*Task requirements:*
Return only the lines of the data below from the line with "ГРЕЦИЯ,О.КОС - ВЫЛЕТ" up to and including the line with "Black-White Striped &", exactly as written, with the pictures omitted.

*Dataset entries:*
»»
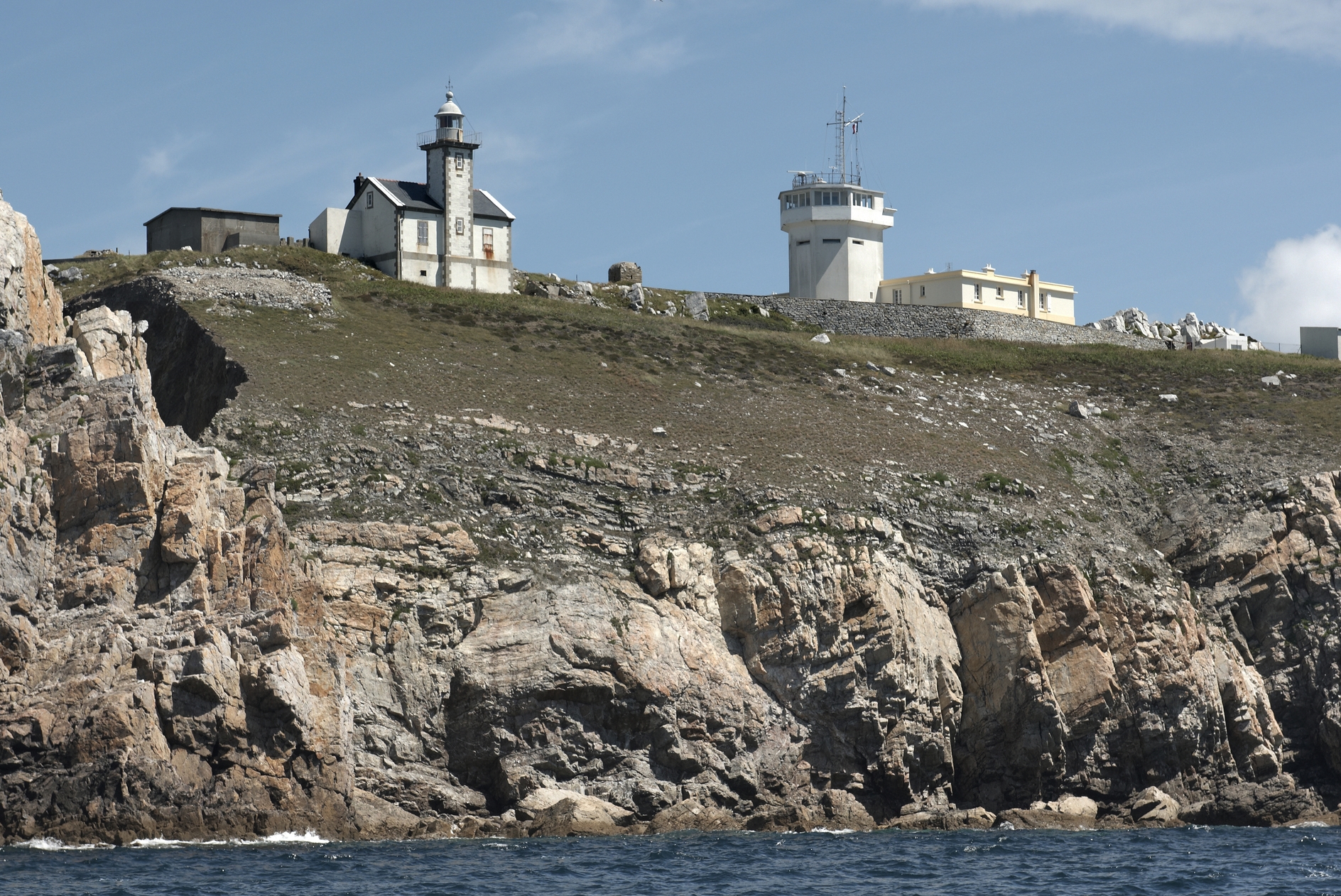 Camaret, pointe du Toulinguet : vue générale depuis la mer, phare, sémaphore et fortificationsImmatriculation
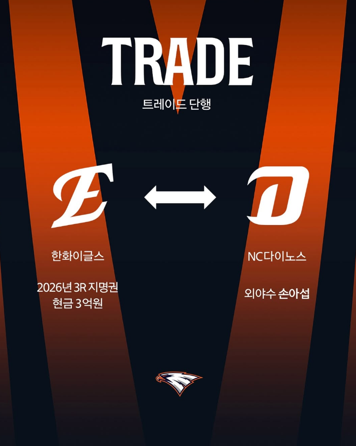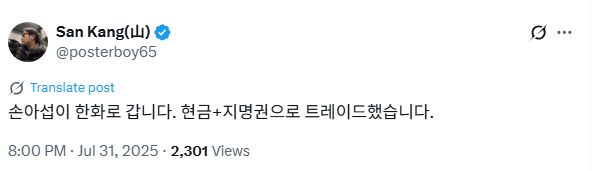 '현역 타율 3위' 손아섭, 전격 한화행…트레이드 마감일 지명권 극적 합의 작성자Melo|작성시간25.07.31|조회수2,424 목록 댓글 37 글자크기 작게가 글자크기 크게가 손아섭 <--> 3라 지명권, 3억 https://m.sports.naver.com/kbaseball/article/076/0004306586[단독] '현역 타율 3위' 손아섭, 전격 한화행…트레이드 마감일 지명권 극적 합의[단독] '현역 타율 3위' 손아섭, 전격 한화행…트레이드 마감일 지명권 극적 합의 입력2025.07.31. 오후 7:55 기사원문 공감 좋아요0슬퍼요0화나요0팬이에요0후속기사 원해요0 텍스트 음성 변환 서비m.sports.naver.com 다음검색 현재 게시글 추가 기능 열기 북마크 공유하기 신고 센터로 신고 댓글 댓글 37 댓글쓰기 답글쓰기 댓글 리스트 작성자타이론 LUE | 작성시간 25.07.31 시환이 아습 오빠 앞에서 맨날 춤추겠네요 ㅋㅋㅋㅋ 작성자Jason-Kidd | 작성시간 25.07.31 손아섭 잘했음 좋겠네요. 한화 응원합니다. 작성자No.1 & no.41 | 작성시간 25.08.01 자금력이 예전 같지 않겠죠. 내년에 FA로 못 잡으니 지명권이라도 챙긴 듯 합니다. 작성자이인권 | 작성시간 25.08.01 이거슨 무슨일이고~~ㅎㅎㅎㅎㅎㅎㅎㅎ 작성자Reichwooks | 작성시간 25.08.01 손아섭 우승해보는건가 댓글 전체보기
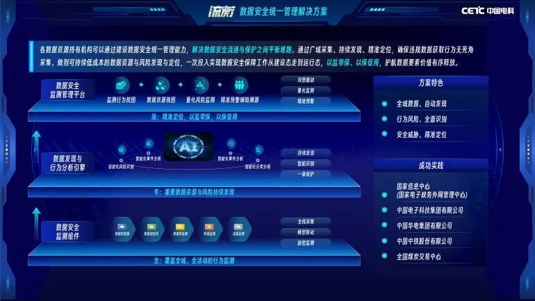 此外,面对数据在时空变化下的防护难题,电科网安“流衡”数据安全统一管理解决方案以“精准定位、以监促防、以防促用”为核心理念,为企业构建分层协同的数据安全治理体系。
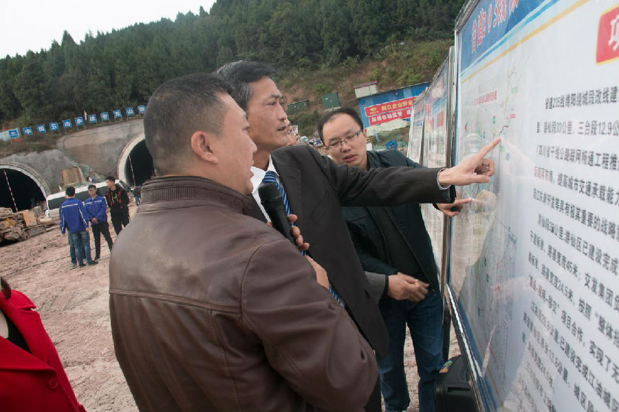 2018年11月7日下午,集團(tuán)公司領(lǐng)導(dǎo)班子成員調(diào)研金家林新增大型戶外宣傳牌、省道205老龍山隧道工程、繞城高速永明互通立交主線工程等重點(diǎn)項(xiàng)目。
««
»»
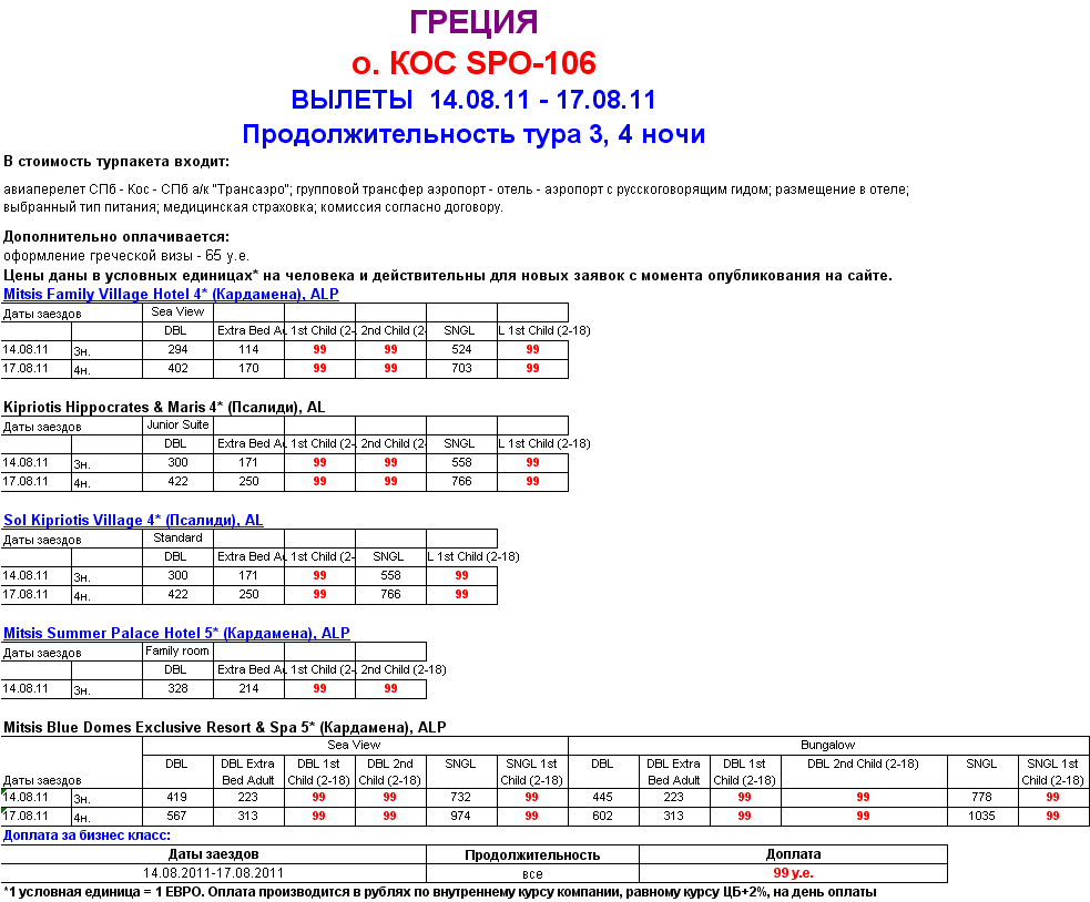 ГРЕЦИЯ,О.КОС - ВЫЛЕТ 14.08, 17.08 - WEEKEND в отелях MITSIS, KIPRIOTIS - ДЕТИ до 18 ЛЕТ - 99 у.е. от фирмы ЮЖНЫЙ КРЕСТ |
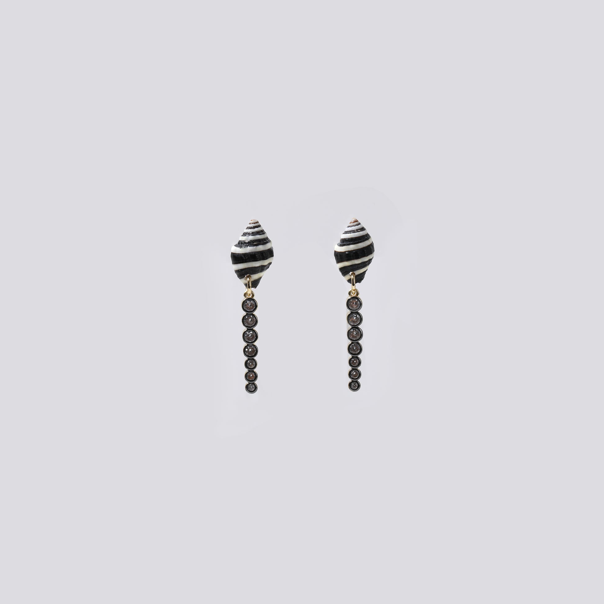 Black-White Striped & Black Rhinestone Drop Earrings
««
*Task result:*
 ГРЕЦИЯ,О.КОС - ВЫЛЕТ 14.08, 17.08 - WEEKEND в отелях MITSIS, KIPRIOTIS - ДЕТИ до 18 ЛЕТ - 99 у.е. от фирмы ЮЖНЫЙ КРЕСТ |
 Black-White Striped & Black Rhinestone Drop Earrings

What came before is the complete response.